The following account of his patriarchate is given by Bar Hebraeus:

Hnanishoʿ, who succeeded Yohannan Bar Marta in the dignity of catholicus, was consecrated at Seleucia in the year 67 of the Arabs [AD 686/7]. The metropolitan Yohannan of Nisibis, known as Garba ['the Leper'], was offended with him for the following reason. When ʿAbd al-Malik, son of Marwan, the king of the Arabs arrived in the land of Senʿar [Babylonia], Hnanishoʿ came to meet him and offered him the usual presents. The king said, 'Tell me, catholicus, what do you think of the religion of the Arabs?' The catholicus, who was always prone to give hasty answers, replied, 'It is a kingdom founded by the sword; and not, like the Christian faith and the old faith of Moses, a faith that is confirmed by divine miracles.' The king was angry, and ordered his tongue to be cut out, but several people interceded for him, and he was allowed to go free. All the same, the king commanded that he should not again be admitted into his presence. This incident gave Yohannan Garba an opportunity of realising his ambition. He bribed some officials to forge him a letter from the king to Bshir bar Malka, the governor of ʿAqula. Yohannan went to him, offering him gifts and handing him the king's letter. Bshir then summoned Hnanishoʿ, stripped him, and handed his patriarchal robe and staff of office to Yohannan. He then sent Yohannan to Seleucia, where the bishops were forced to consecrate him. Yohannan kept Hnanishoʿ locked up in a prison for a while, then packed him off with two of his disciples to one of the mountain monasteries. They made him climb up to the top of the mountain, and then threw him down. They thought he was dead, but some shepherds found him, saw that he was still breathing, took him back to their hut and looked after him. Eventually he left them and took shelter in the monastery of Yonan in the region of Mosul. Meanwhile Yohannan had borrowed large sums of gold in order to bribe the governor of ʿAqula, and when the time came for repayment was unable to meet his obligations. He was thrown into prison, and died there. Then Hnanishoʿ resumed his rule, and died after fulfilling his office for fourteen years.

Bar Hebraeus also mentioned that Hnanishoʿ was rehabilitated after his death by his successor Sliba-zkha:

He removed the name of Yohannan Garba from the diptychs, reconsecrated the bishops consecrated by Garba, and put back the name of Hnanishoʿ, who had been oppressed by calumny, alongside those of the rest of the catholici.

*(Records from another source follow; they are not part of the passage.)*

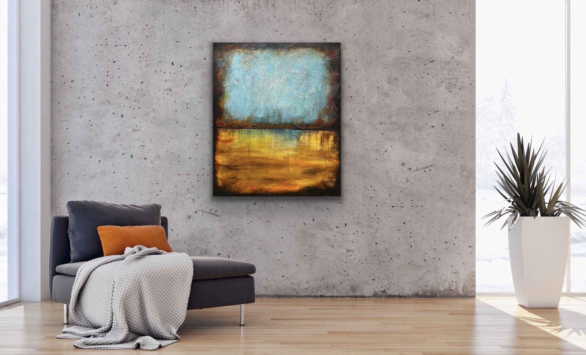 This abstract piece is inspired by Rothko whom I love such depth of colour in this artwork which would be a standout on any wall with the warm rich Red Oxide, blacks,Sienna along with the cool aqua hues.
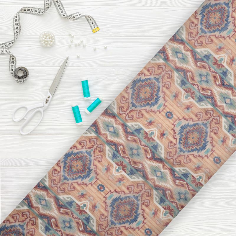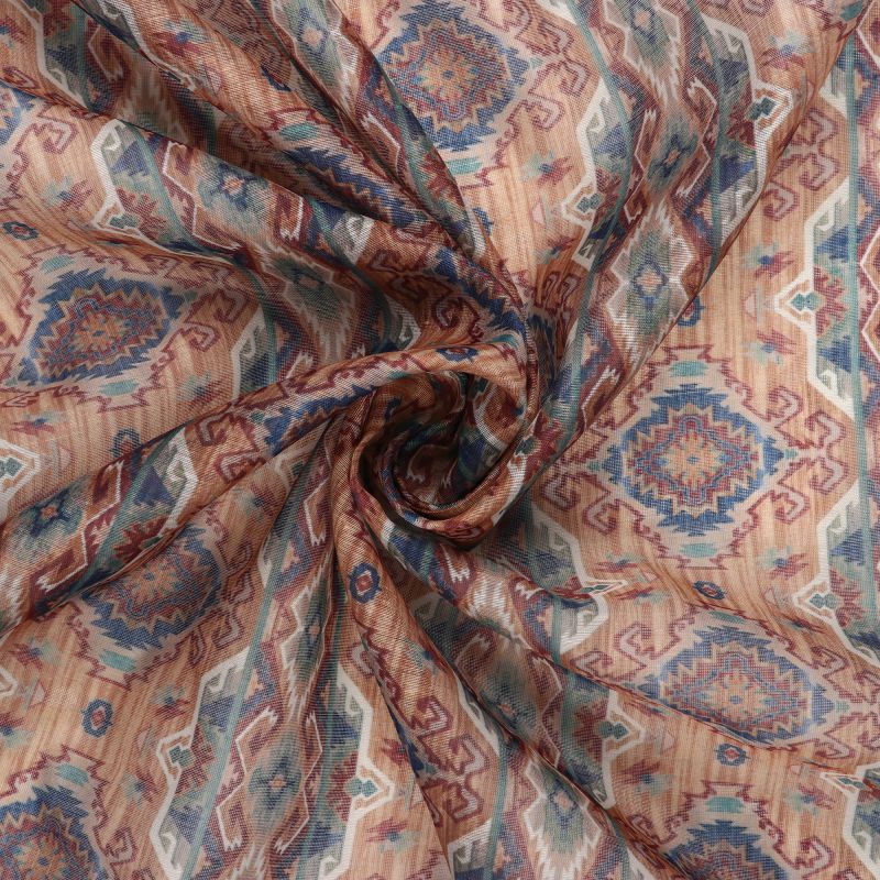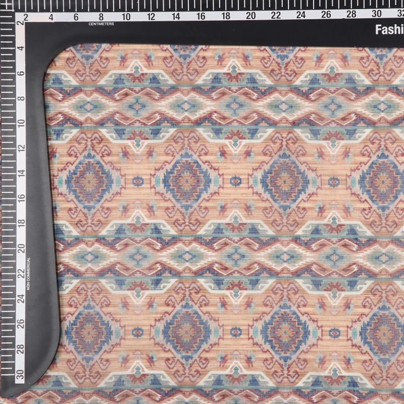 Navajo Yellow And Navy Blue Traditional Pattern Digital Print Chanderi Fabric
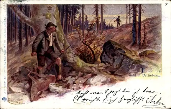 Künstler Ak Döcker, E., Führe uns nicht in Versuchung, Wilderer
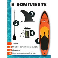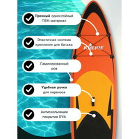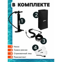 Прочное основное покрытие доски соединяется с камерой высокого давления путём ламинирования. Это высокотехнологичный процесс, который обеспечивает идеально ровную поверхность и точную толщину доски без перепадов. Технология DROP STITCH — камера состоит из тысяч переплетённых тонких волокон. Это придаёт жёсткость по всей длине доски. Увеличенная плотность пряжи обеспечивает высокую прочность на растяжение. Камера выдерживает давление до 20 фунтов на 1 квадратный дюйм. Количество нитей: 25 000 на м². Новая технология соединений в камере высокого давления — CROSS STITCH FUSION (вышивка крестом). На 30 % жёстче по сравнению с обычными однослойными камерами сапбордов. На 25 % легче по сравнению с устоявшейся технологией изготовления двойного слоя. Усиленный внешний слой канта обеспечивает дополнительную плотность и жёсткость каркаса. При боковом столкновении с твёрдым объектом в воде, например с камнем, доска не повредится. Воздухонепроницаемый внутренний слой канта — это ламинированный шов, который обеспечивает дополнительную герметичность камеры высокого давления и водонепроницаемость доски. Коврик из материала EVA с ромбовидным протектором обеспечивает идеальное комфортное сцепление с сапбордом. Оберегает от скольжения ног по доске. Запирающийся нажимной клапан с защитой от повреждений обеспечивает герметичность. Кнопочная система помогает без труда приспустить давление в доске нажатием на кнопку в клапане. Эластичная шнуровка в передней части — для закрепления и перевозки багажа на сапборде. Ручки в передней, центральной и задней частях — для переноски накачанной доски. Съёмный киль (плавник). Сумка-рюкзак — для переноски и хранения доски и аксессуаров. D-образное кольцо из нержавеющей стали — для крепления страховочного троса. 4 кольца из нержавеющей стали — для крепления сиденья. Однолопастное разборное весло с регулировкой высоты, состоящее из 3 частей.
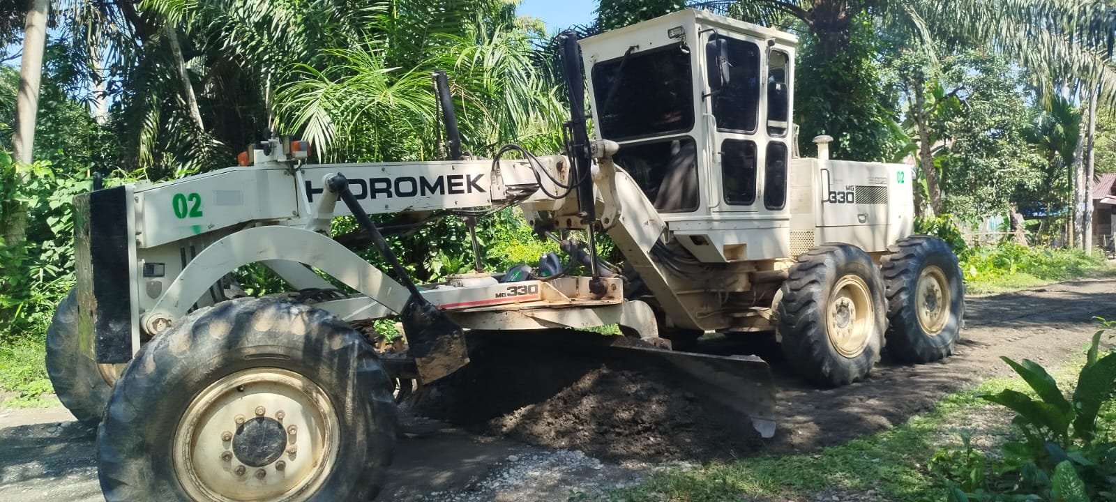 Alat berat itu tampak bergerak perlahan meratakan material sirtu serta membentuk badan jalan agar lebih kuat dan nyaman dilalui.
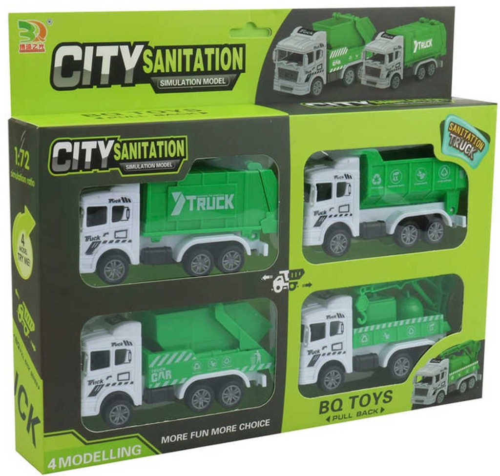 WOODY DŘEVO Užitkové vozy set 4 autíčka se 2 figurkami doplněk k vláčkodráze
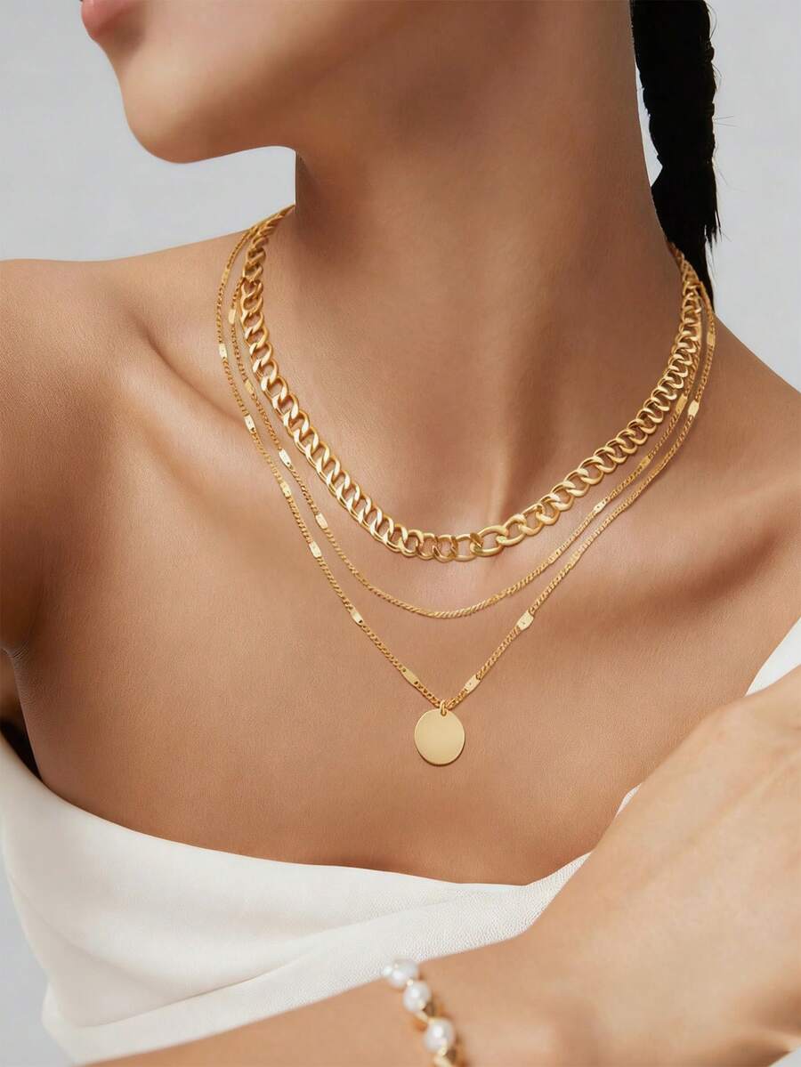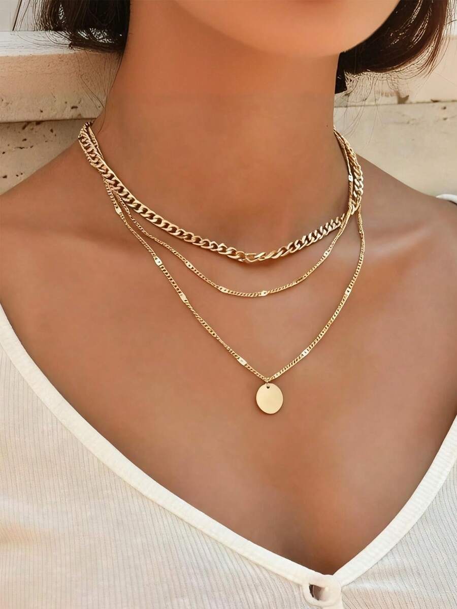 O Colar Feminino Europeu de Múltiplas Camadas é a escolha perfeita para mulheres que desejam um acessório moderno, elegante e versátil. Com pingentes redondos e detalhes geométricos, este colar de corrente para clavícula combina sofisticação e estilo casual, sendo ideal para festas, feriados ou uso diário. Seu acabamento dourado adiciona brilho e charme ao visual.
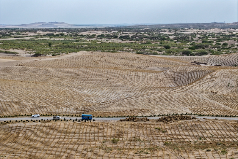 在內(nèi)蒙古赤峰市翁牛特旗其白線防沙治沙項目區(qū),穿沙公路將沙地切割,沙丘被逐步固定(2024年5月16日攝,無人機照片)。新華社記者 連振 攝
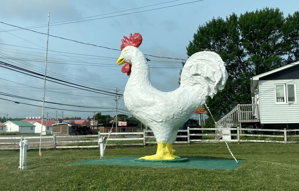 But wait, there’s more to see in Shediac! Specifically, a large rooster sculpture on the other side of town—not quite unmissable, but a good excuse to drive through downtown and see just how the city loves its lobsters and how it never misses a chance to showcase it. There’s lobster imagery everywhere in case you missed the town’s biggest claim to fame.
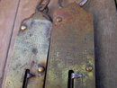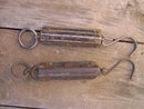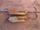 Pair spring balance coil resistance style farm ranch grain produce scales. Brass front face & rivets, cast iron & tin hooks loops backplates. John Chatillon & Sons New York & Sargent Company USA marks. 25 pound capacity measure.
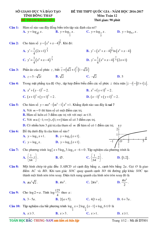 Đề thi thử THPT Quốc gia 2017 môn Toán sở GD và ĐT tỉnh Đồng Tháp

== Literary achievement ==
Hnanishoʿ was a noted author. Besides composing homilies, sermons and epistles, he was the author of a life of his contemporary Sargis Dauda of Dauqarah near Kashkar. He also wrote a treatise On the Twofold Use of the School, in which he argued that schools and universities should be places of moral and religious training as well as of instruction in letters, and a commentary on the Analytics of Aristotle. His letters are an essential source for understanding the functioning of justice in the East Syrian world at the end of the 7th century.

Hnanishoʿ provides some insight into early Christian attitudes towards Islam. Commenting on , he obliquely refers to Islam as "some new folly" that claims Jesus was only a prophet. Bar Hebraeus, writing the 13th century, recorded the tradition that Hnanishoʿ, when asked "what do you think of the religion of the Arabs?" responded, "It is a religion established by the sword and not a faith confirmed by miracles, as the Christian faith and the old Law of Moses."

== Posthumous miracles ==
In 1349, Hnanishoʿ remains were exhumed by members of the Church of the East in Mosul. He had been buried in the monastery of Jonah on the east bank of the Tigris, and when the tomb was opened, his body, lying in a coffin of planewood, was said to have been found to be in a miraculous state of preservation.

The historian ʿAmr, who saw the body for himself, said that crowds came to view the dead patriarch, who seemed to be only sleeping.

The alleged grave of the prophet Jonah was discovered by Jalal al-Din Ibrahim al-Khatni during his reconstruction of the site as a congregational mosque in 1365. The Al-Nabi Yunus Mosque was built over the demolished site. When Timur visited it in 1393, it had undergone a remarkable transformation. Hnanishoʿ was no longer remembered, and Timur was shown the tomb of the prophet Jonah himself. The 'tomb of Jonah' still exists, and visitors are still shown a heavy planewood coffin, reverently shrouded with a green cloth, in which the prophet supposedly lies buried. Some historians suspect that for the past six centuries, the Muslim faithful have been paying their devotions to the petrified corpse of a Christian patriarch. The alleged tomb of Jonah was located at a corner of the mosque. The sarcophagus had a wooden zarih built around it.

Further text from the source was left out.